Залман отыскал меня глазами и спросил хочу ли я, как председатель, что-нибудь добавить. Я качнул головой и объявил очевидное: панихида закончилась и начинаются похороны.
Публика зашумела, и несколько петхаинцев, выступив из толпы и приподняв гроб, направились к пикапу за воротами.
– Что? – подошла ко мне жена с заплаканными глазами.
– Ничего, – сказал я. – Сядешь за руль?
– Тебе нехорошо? – насторожилась она.
– Всё в порядке, – и передал ей ключи. – Мне надо подумать.
– Этого как раз не надо! Надо не думать, а принимать всё как есть – и жить! А тебя зовут.. Вот, слева, не знаю имени…
– Слушай! – шагнул ко мне Занзибар. – Раввин тут искал тебя, но сейчас он занят. С ним там беседует какой-то иностранец. Я хотел сказать – «американец». Они в машине. «Олдсмобил». Бесцветный… Но этого иностранца я знаю, хотя номер – вашингтонский.

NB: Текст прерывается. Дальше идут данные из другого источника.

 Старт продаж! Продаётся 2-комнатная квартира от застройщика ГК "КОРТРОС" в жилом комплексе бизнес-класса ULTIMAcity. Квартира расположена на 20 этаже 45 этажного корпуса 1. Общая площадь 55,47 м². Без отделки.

Я догадался – кого имел в виду Занзибар:
– Хрен с ним! А что хочет раввин?
– Кортасар избил свою бабу, напился и пропал. А может быть, сперва напился, а потом избил, не знаю… Кортасар – это шофёр при этом пикапе, в который положим Нателу. Бойфрэнд этой Амалии. Вот… А кроме меня, тут в пикап сесть некому. Все с жёнами…

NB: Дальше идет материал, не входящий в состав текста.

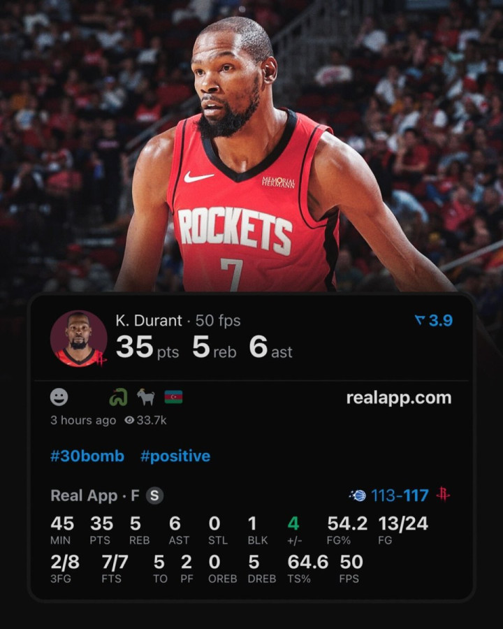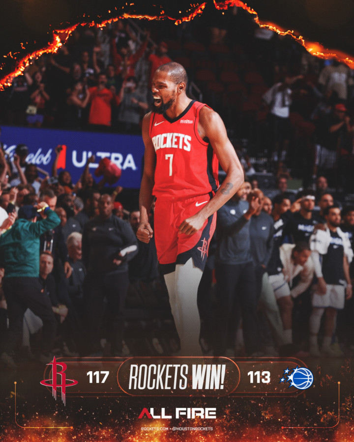 另一位火箭队记Lachard Binkley评论道:“如果有人在休赛期质疑为什么交易来37岁的凯文·杜兰特,这就是原因。他是终极终结者。“

– А ты на кладбище не едешь, да? – вспомнил я.
– Придётся… Если ты не против… Залман велел взять у тебя разрешение: я, говорит, в таких делах – пас. Только в духовных…
– В духовных? Так и сказал? – переспросил я и, не дожидаясь ответа, добавил. – Давай, Занзибар, иди в машину. А дорогу, кстати, знаешь? Никого ведь пока не хоронили…
– Я-то нет, Амалия знает… Она сидит в кабине.
– Она сидит в кабине? – снова переспросил я его, удивившись всколыхнувшемуся во мне сложному чувству, в котором я отказался разбираться, ибо разбирательство не обещало открытия лестных о себе истин.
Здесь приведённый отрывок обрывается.